X v. SLOVAKIA (European Court of Human Rights)

Last Updated on November 4, 2019 by LawEuro

Communicated on 21 February 2018

THIRD SECTION
Application no.25592/16
X
against Slovakia
lodged on 4 May 2016
STATEMENT OF FACTS

1. The President granted the applicant’s request for his identity not to be disclosed to the public (Rule 47 § 4). The applicant is represented before the Court by Škubla&Partneris.r.o., a law firm with its registered office in Bratislava.
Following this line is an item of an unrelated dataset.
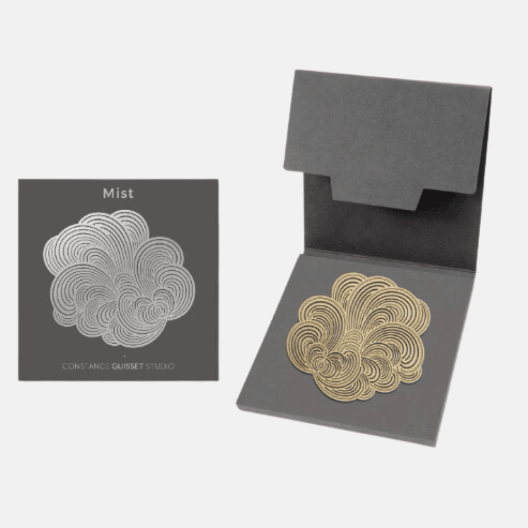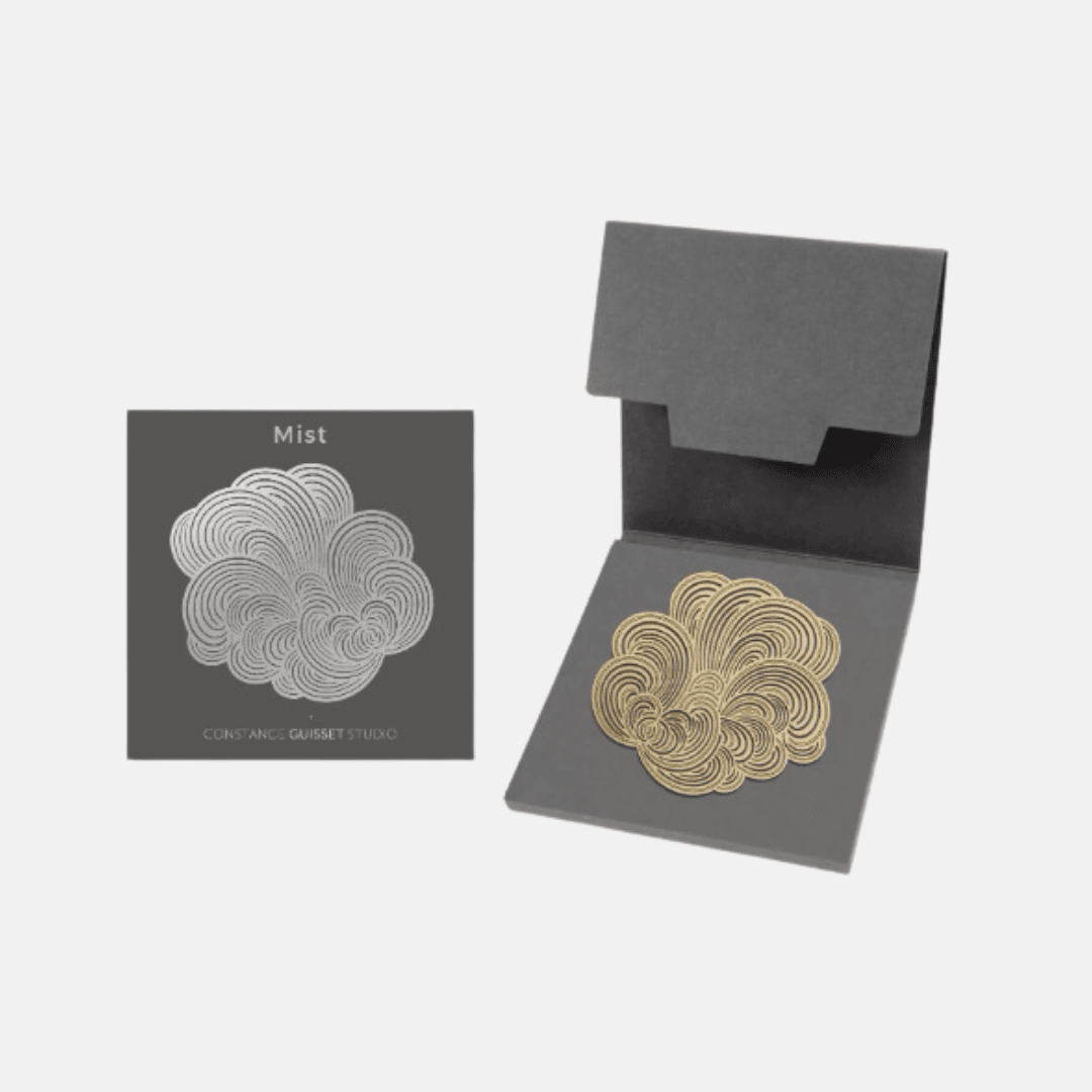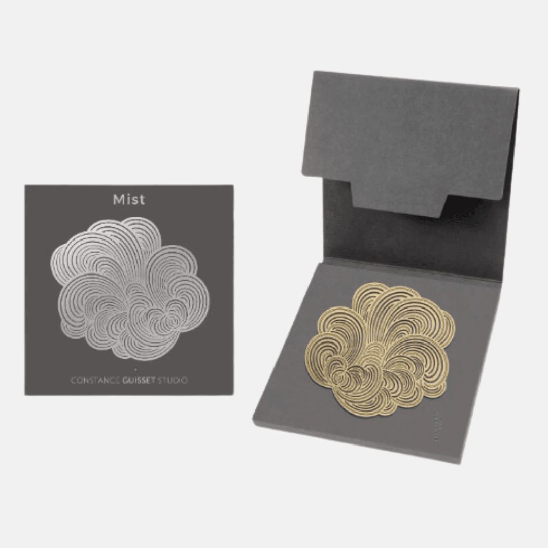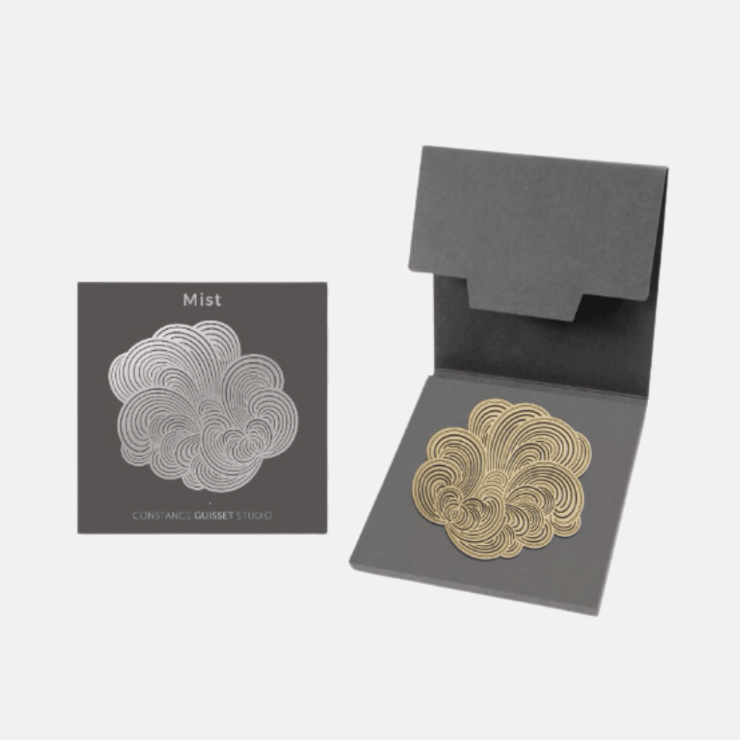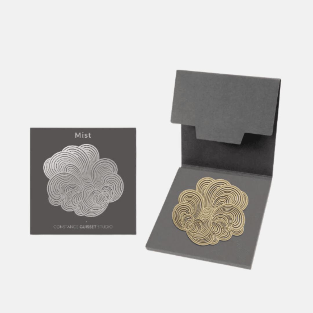 Des broches au design moderne, dessinées par Constance Guisset Studio : Mist est une collection de broches en volutes aériennes. L’entrelacement des lignes dessine une brume mystérieuse.

The circumstances of the case

2. The facts of the case, as submitted by the applicant, may be summarised as follows.

1. Background

3. The information available indicates that in 2005 and 2006 the applicant was the object of interest to the Slovakian Intelligence Service (“the SIS”) and that this interest was reflected in three judicial warrants issued by the Bratislava Regional Court authorising the SIS to take surveillance measures concerning him, a flat belonging to him, and another person (“the first warrant”, “the second warrant” and “the third warrant”, respectively). The first and second warrants are the subject matter of two other applications lodged by the applicant (nos. 58361/12 and 27176/16) as well as three applications lodged by the other person (nos. 58359/12, 27787/16 and 67667/16) pending before the Court.

4. The present application concerns the third warrant, issued by the Regional Court on 26 January 2006 following an application by the SIS of the same date. The information available indicates that the third warrant authorised the SIS to use “technical means of gathering intelligence in the process of production and use of video, audio and other recordings in relation to the applicant in a flat owned by him at a given address”. The use of such means under the third warrant was authorised until 26 July 2006.

5. The third warrant was implemented by the SIS between 26 January and 26 July 2006. Its implementation resulted in original and derivative material. The former is understood to be a recording and the latter to be material based on it (summaries and analytical notes). Such material has been kept in the domain of the SIS.

6. Moreover, some further material based on or linked to the third warrant has been kept in the domain of the Regional Court. It may be presumed that that material consists of the SIS’s application of 26 January 2006 for the third warrant and the SIS reports of 16 June 2006 on its implementation and of 1 August 2006 on the discontinuation of its implementation.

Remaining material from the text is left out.